PROVIDED RECORDS
__________________________________________________

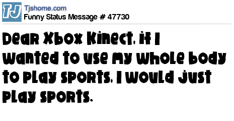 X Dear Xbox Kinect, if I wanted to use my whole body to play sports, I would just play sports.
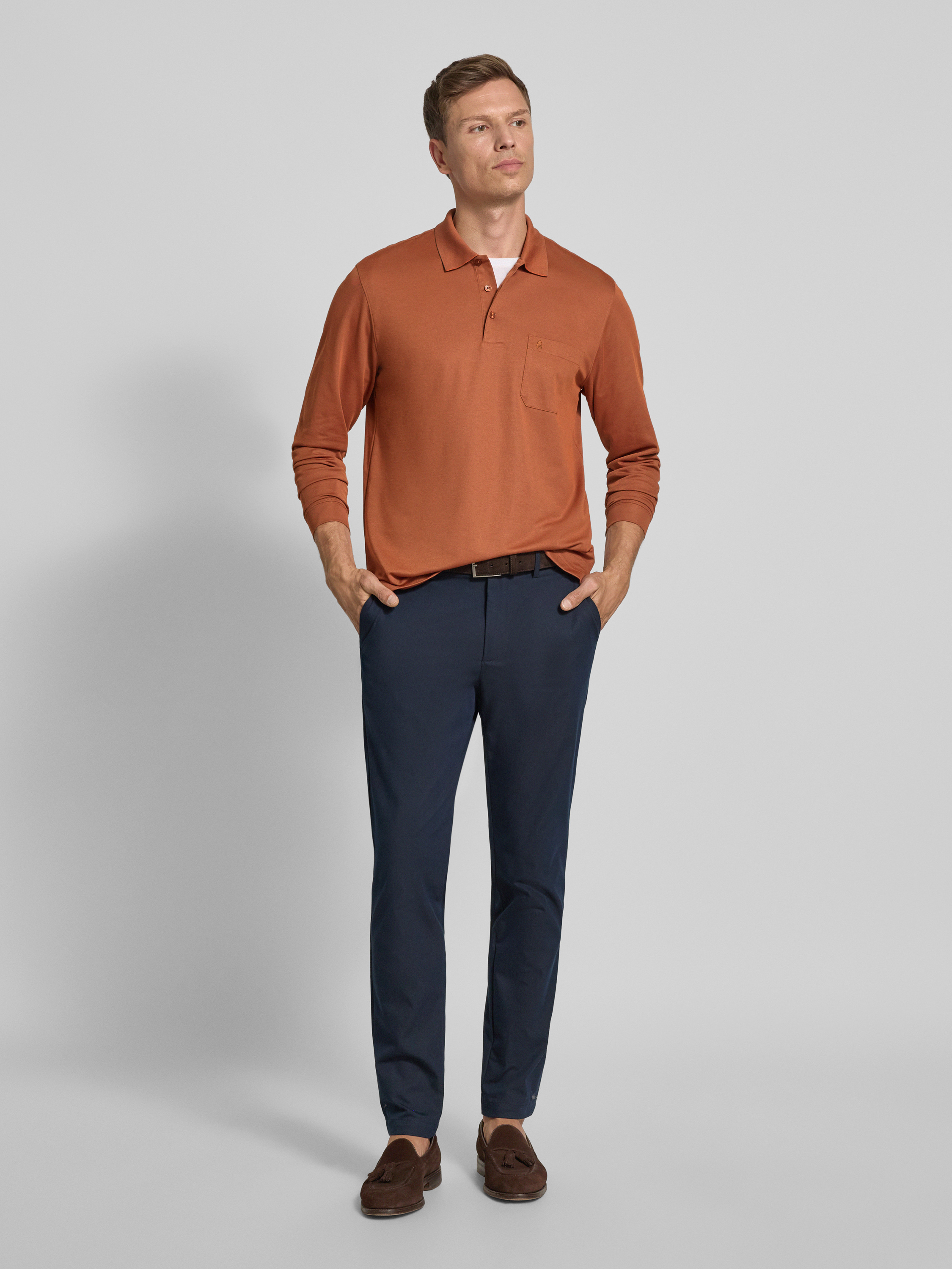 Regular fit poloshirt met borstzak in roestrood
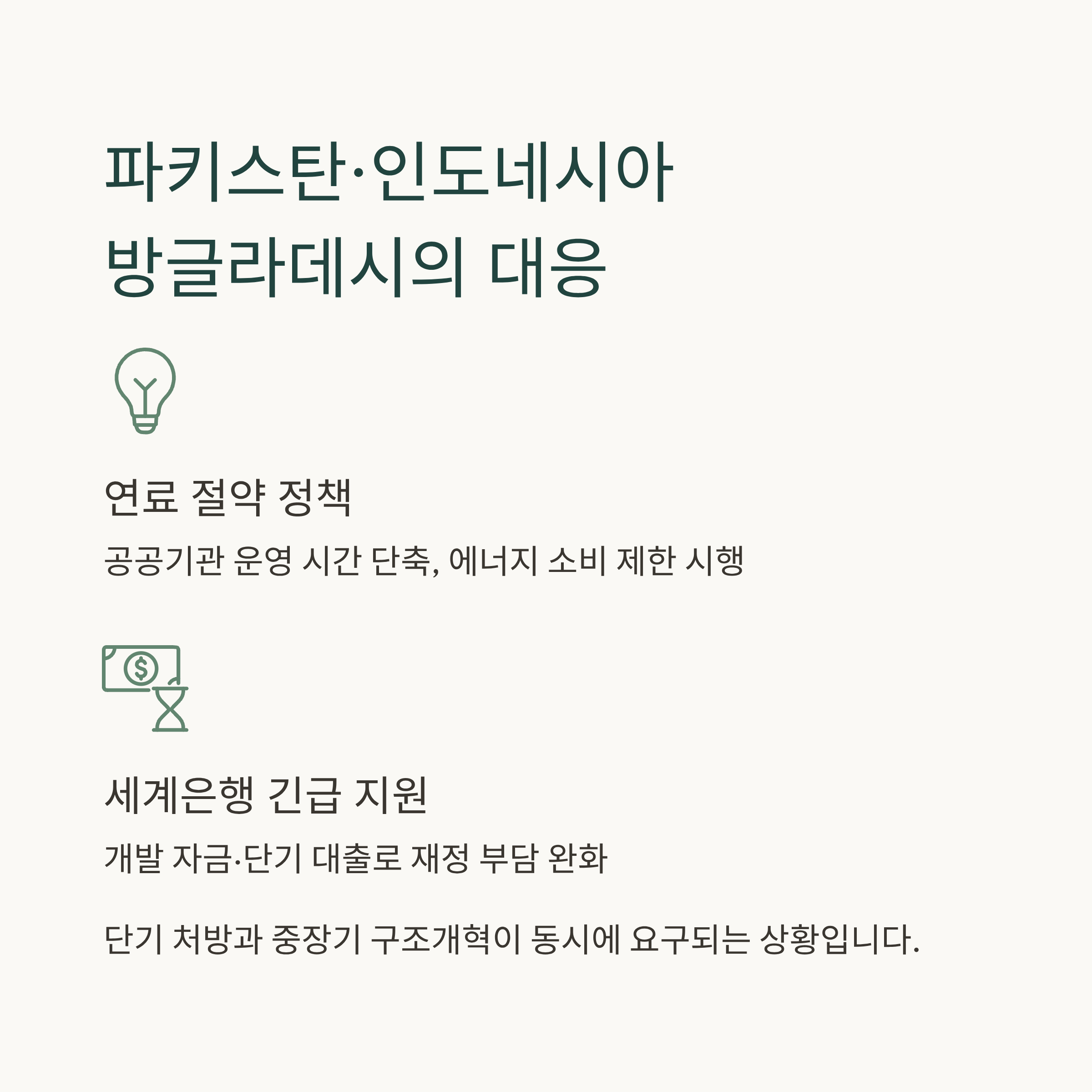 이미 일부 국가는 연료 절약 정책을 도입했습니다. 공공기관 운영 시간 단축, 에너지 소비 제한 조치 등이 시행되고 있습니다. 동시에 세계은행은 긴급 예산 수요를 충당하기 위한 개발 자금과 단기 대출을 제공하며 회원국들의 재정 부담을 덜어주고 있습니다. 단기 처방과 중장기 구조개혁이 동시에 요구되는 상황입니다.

__________________________________________________

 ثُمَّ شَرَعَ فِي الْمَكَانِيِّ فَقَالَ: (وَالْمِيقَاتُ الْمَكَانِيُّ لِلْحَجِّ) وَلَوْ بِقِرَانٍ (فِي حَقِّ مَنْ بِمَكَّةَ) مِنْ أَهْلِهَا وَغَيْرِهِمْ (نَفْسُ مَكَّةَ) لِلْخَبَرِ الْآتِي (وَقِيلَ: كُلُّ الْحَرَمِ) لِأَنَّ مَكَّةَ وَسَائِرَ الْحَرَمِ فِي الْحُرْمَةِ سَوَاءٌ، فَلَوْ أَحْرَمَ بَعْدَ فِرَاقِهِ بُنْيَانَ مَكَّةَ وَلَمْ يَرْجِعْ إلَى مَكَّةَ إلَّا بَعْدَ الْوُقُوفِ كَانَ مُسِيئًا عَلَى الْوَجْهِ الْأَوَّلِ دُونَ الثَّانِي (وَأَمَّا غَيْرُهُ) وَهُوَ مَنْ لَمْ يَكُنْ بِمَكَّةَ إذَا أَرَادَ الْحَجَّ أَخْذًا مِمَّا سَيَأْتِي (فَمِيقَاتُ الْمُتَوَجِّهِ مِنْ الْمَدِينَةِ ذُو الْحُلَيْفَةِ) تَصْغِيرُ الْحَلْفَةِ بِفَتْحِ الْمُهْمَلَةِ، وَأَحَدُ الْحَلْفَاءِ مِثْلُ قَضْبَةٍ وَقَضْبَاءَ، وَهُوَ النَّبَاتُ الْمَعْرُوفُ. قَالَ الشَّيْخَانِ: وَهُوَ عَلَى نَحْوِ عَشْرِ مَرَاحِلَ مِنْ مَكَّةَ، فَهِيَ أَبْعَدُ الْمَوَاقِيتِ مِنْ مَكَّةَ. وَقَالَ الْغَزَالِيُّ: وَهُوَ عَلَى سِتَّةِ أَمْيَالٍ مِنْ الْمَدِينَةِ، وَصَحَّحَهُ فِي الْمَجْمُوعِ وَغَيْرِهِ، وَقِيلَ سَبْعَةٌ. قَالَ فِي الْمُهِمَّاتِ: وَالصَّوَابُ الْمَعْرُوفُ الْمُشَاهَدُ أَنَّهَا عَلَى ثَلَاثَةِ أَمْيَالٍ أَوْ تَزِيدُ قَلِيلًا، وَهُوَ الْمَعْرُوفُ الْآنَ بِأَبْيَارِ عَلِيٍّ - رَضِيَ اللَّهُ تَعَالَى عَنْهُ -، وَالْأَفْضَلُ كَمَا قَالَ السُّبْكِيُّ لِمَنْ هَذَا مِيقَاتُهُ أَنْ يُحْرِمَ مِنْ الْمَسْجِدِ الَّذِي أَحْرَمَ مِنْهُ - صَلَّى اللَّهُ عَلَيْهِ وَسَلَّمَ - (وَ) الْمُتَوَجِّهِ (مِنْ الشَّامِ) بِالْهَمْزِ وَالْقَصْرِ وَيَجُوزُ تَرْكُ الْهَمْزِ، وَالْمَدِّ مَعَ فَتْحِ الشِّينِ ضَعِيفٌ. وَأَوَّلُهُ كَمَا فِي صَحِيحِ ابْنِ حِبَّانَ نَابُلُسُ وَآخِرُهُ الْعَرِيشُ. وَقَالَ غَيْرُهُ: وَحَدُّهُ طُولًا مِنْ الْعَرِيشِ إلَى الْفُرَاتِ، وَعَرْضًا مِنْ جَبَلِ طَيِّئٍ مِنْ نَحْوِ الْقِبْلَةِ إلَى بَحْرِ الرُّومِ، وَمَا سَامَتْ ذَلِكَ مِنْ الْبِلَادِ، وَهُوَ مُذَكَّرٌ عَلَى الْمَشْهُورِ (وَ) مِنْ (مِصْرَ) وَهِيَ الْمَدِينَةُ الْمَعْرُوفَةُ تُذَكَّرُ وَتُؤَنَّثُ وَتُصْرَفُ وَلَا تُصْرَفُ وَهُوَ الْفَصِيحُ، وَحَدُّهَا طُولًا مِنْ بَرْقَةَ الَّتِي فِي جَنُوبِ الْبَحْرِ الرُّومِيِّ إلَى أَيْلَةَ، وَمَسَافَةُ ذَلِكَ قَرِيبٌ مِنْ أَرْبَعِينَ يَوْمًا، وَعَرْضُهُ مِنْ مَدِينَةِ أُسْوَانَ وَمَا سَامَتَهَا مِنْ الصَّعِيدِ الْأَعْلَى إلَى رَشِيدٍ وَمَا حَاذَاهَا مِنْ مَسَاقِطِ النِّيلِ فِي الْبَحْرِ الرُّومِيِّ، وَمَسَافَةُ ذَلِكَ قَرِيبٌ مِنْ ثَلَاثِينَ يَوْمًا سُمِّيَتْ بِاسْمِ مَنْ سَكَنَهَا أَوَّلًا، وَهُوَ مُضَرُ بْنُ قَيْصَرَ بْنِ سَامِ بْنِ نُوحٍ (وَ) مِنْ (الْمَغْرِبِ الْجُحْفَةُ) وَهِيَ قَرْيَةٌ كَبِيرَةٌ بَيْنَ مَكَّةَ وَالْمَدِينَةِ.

__________________________________________________

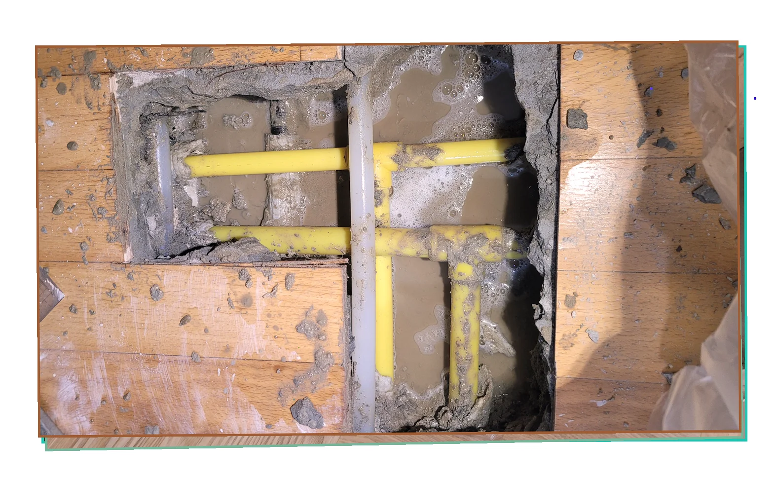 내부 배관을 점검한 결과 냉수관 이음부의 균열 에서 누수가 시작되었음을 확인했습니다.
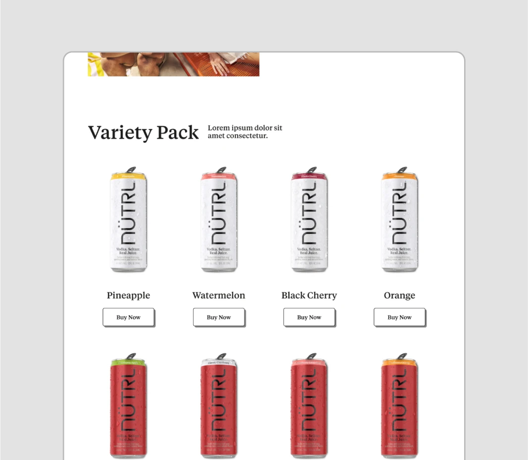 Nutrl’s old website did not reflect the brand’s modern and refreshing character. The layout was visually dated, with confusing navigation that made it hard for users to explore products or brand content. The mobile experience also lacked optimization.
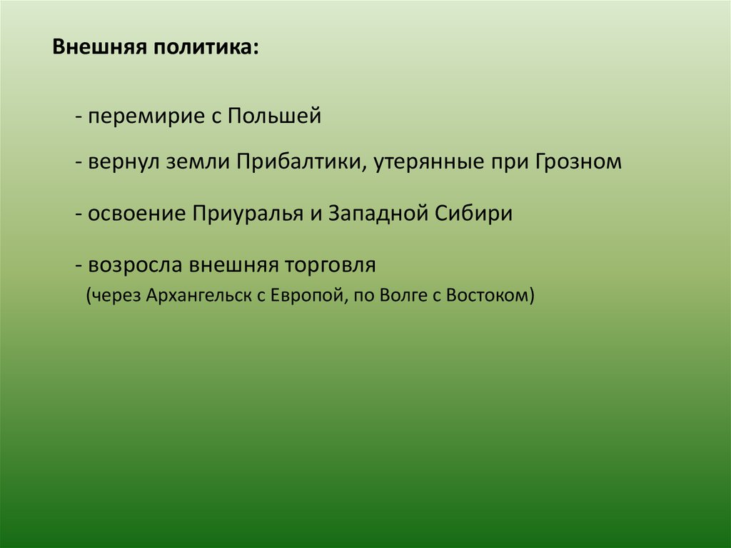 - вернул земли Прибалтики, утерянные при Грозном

__________________________________________________

WORK ITEM
In the listing above, find the line with "X Dear Xbox" and output it and every line after it up to and including the line with "이미 일부 국가는 연료", exactly, minus the pictures.

EXERCISE OUTPUT
 X Dear Xbox Kinect, if I wanted to use my whole body to play sports, I would just play sports.
 Regular fit poloshirt met borstzak in roestrood
 이미 일부 국가는 연료 절약 정책을 도입했습니다. 공공기관 운영 시간 단축, 에너지 소비 제한 조치 등이 시행되고 있습니다. 동시에 세계은행은 긴급 예산 수요를 충당하기 위한 개발 자금과 단기 대출을 제공하며 회원국들의 재정 부담을 덜어주고 있습니다. 단기 처방과 중장기 구조개혁이 동시에 요구되는 상황입니다.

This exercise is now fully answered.